First, the region is divided intoAnd the areas. Let alpha _ij Representing a small region r _ij The number of events expected in the next time period, which can be taken from region r _ij The historical event occurrence data is estimated. Given a desired number of events alpha _ij Region r of (2) _ij And a positive integer K, dividing the region r into _ij Dividing into K smaller regions, the number of events expected for each smaller region can be noted as alpha _ijk (k=1, 2,) K. Region r _ij The event in (2) is considered to be uniformly distributed if and only if +.>The method is true for any K is more than or equal to 1 and less than or equal to K.

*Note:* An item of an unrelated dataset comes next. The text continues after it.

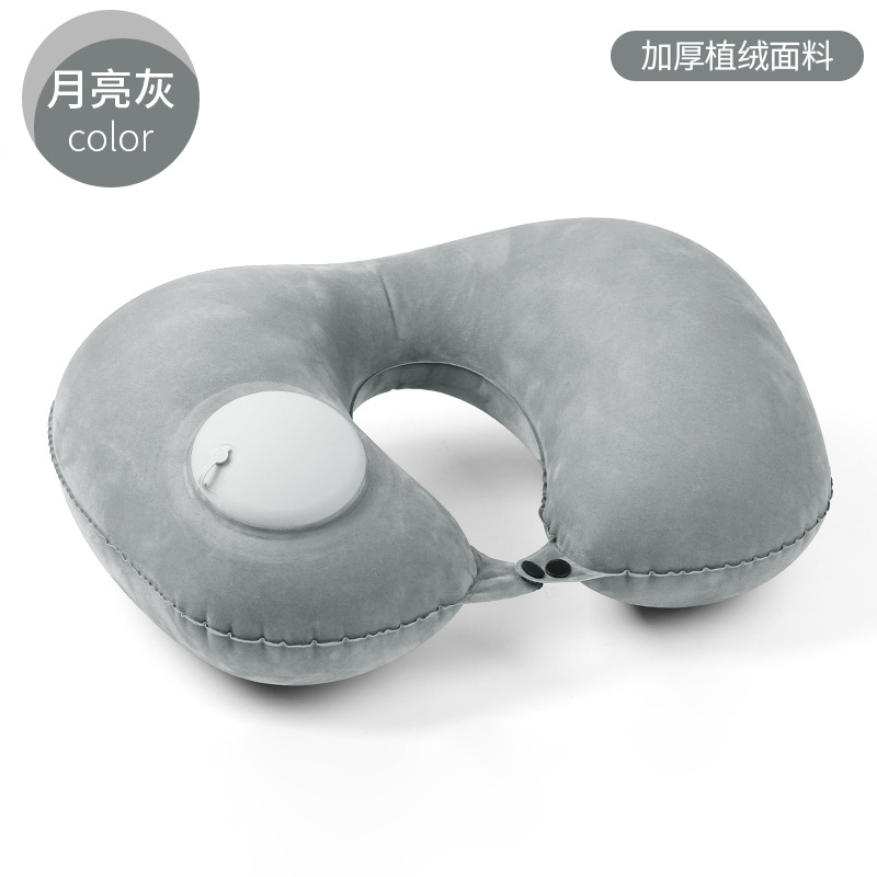 植绒充气u型枕自动tpu按压旅行枕牛奶丝充气枕旅游三宝一件代发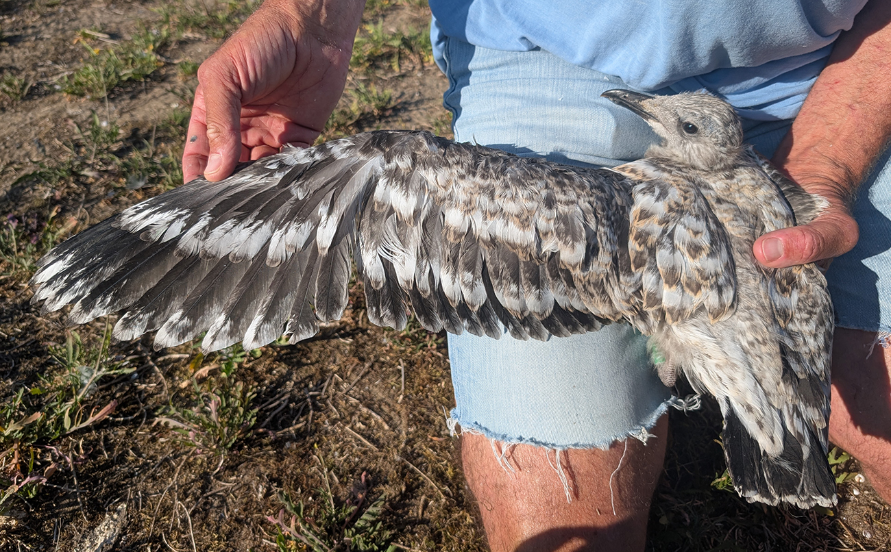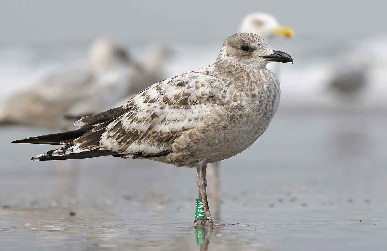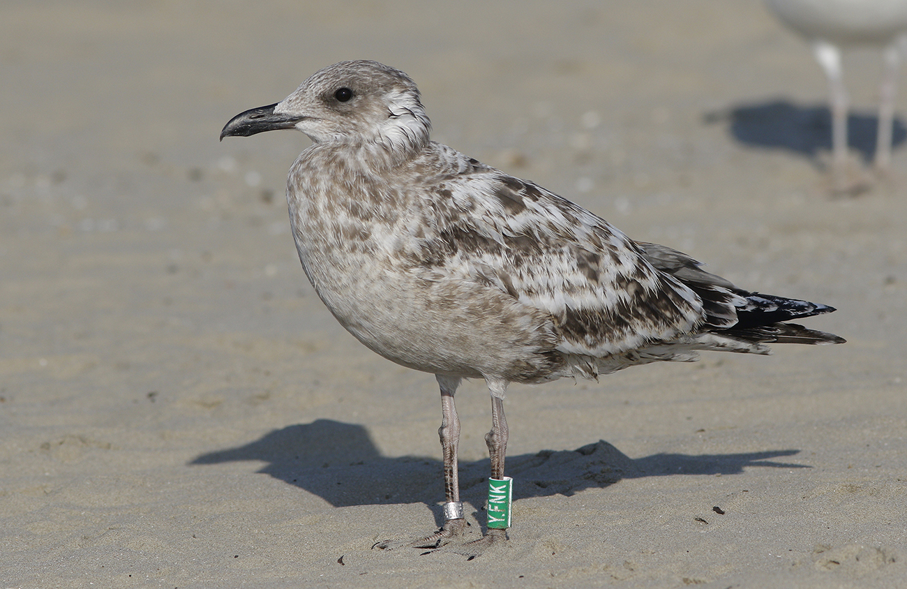 below: Lesser Black-backed Gull (graellsii) Y.FNK 1CY, July 01 2025, IJmuiden, the Netherlands. Picture: IJmuiden Ringing Team.

Next, the present invention proposes an evaluation indexD _α (N) measuring the non-uniformity of the event distribution of the region, D _α The larger the value of (N), the more uniform the temporal distribution of the illustrated region:

wherein the method comprises the steps ofNote that as N increases, D _α (N) will also increase. However, when N is large enough, the event distribution in each small region is uniform, meaning D _α (N) will not increase significantly. At this time, D _α (NK)＝D _α (N) holds for any positive integer K:

when N is large enough, the increase in N will not significantly result in D _α An increase in (N), which means D _α (N) N may be selected as a suitable index. In other words, one needs to choose a large enough N (typically 128) so that D _α (N) maximizing. Finally, the invention provides a sample of the region division.

As shown in fig. 1, the solid line divides the entire space into four large areas to be predicted. The dashed lines divide each large area into four smaller areas, each point in an area representing an event therein. The number of events for each large region can be directly predicted by the deep learning model, and then the number of events for the small region can be estimated by using the number of events for the large region. Because deep learning models generally assume that the interior of a large region is uniformly distributed, the number of events for each small region under a large region is equal. Thus, the number of events per small region is the average of the number of events for large regions. The number in fig. 1 indicates the prediction result of the small region.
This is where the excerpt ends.